Since the point of my post is the issue of bogus historical anecdotes, I'm not sure why it should deal with civil liberties.

 
At 11:29 AM, November 10, 2010, Blogger Ilíon said...

"Since the point of my post is the issue of bogus historical anecdotes, I'm not sure why it should deal with civil liberties."

D'uh! Because Ashcroft is an evil puritanical Nazi!

;-)

 
At 11:45 AM, November 10, 2010, Blogger Neolibertarian said...

The fact that he is believed to be a puritan is one of the reasons why the claim I cited makes a good story, which in turn is a reason to be suspicious of it.

This is a good place to start with respect to critical reasoning, however it's an awful place to end. The fact of the matter is that Ashcroft's puritanism is well documented, and even celebrated. That you failed to actually investigate the claim you were suspicious of makes you guilty of exactly what you're railing against.

It makes a good story to shoot down one anecdote as overblown.
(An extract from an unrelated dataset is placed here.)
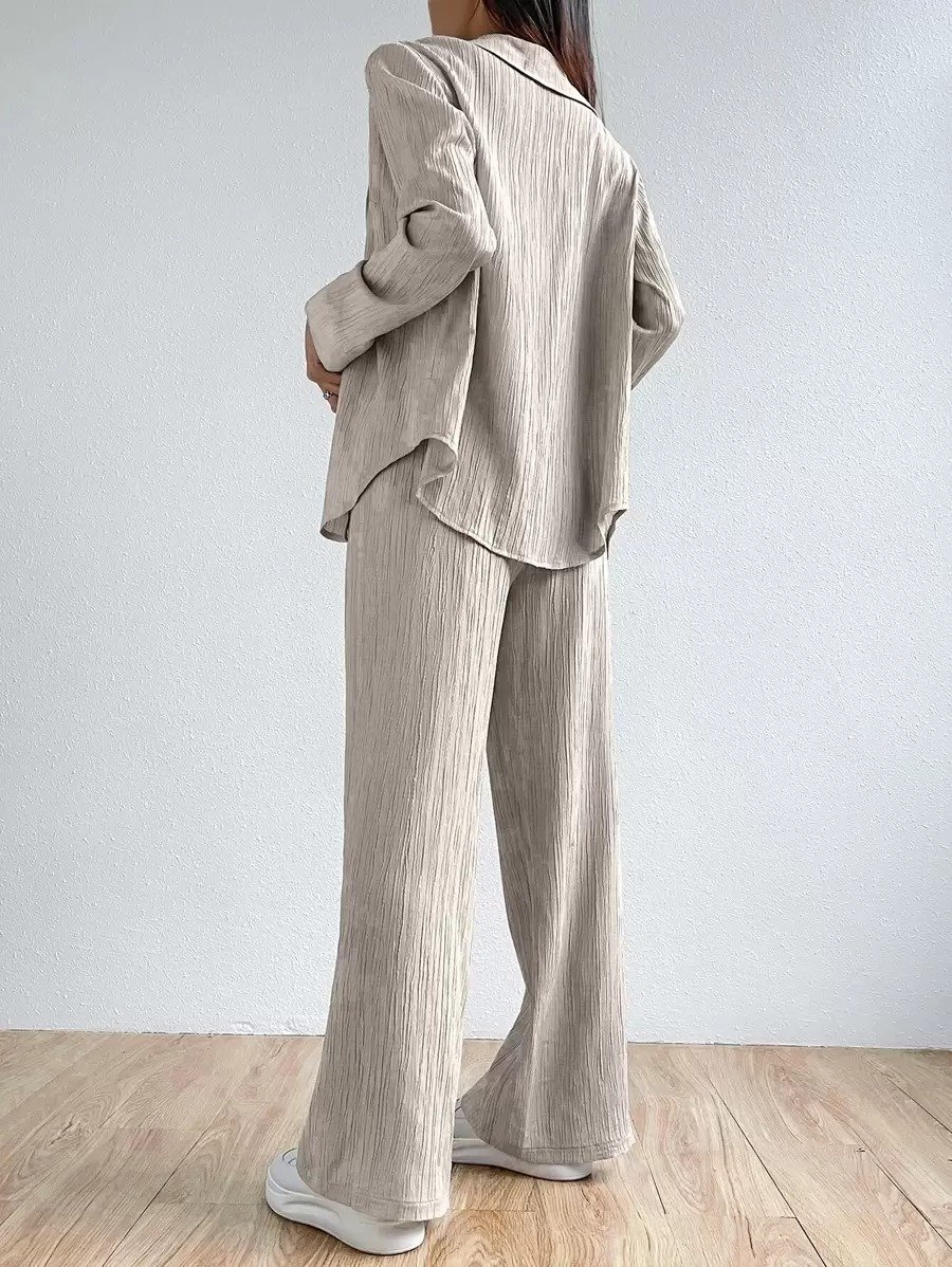 SHEIN EZwear Lapel Neck Crop Shirt & Wide Leg Pants Without Cami Top

By your own reasoning, one should be suspicious of your "story". And if one looks into the matter of Ashcroft's puritanism, one finds that people hold that belief because of his behavior.

Since the point of my post is the issue of bogus historical anecdotes, I'm not sure why it should deal with civil liberties.

Using bogus historical anecdotes to dispel bogus historical anecdotes is certainly your prerogative. But it does speak to your priorities. Ashcroft's record on civil liberties is atrocious, and from a libertarian perspective is certainly much more important than any bogus historical anecdote you might wish to share.

 
At 5:54 PM, November 10, 2010, Blogger jimbino said...

Is it also a fable that Adolph Hitler was a war veteran, vegetarian, non-smoker, non-drinker and altogether wholesome guy?

 
At 6:45 AM, November 11, 2010, Blogger Hernan Coronel said...

Hi, I work on security and although Obama did not probably spend USD200M a day only to go to India. I believe it is very probable that Obama's security or, to put it better, US Presidential security costs even more than USD200M a day but that does not change *significantly* if he visits India or not. The fact that some clever journalist "assigns" the expenditure to India to make up a good story supports David's view of the matter which I also share.

 
At 7:39 AM, November 11, 2010, Blogger Ilíon said...

"Is it also a fable that Adolph Hitler was a war veteran, vegetarian, non-smoker, non-drinker and altogether wholesome guy?"

Yes, yes, yes, yes, no (and the "no" is not about Hitler-as-Evil-Incarnate).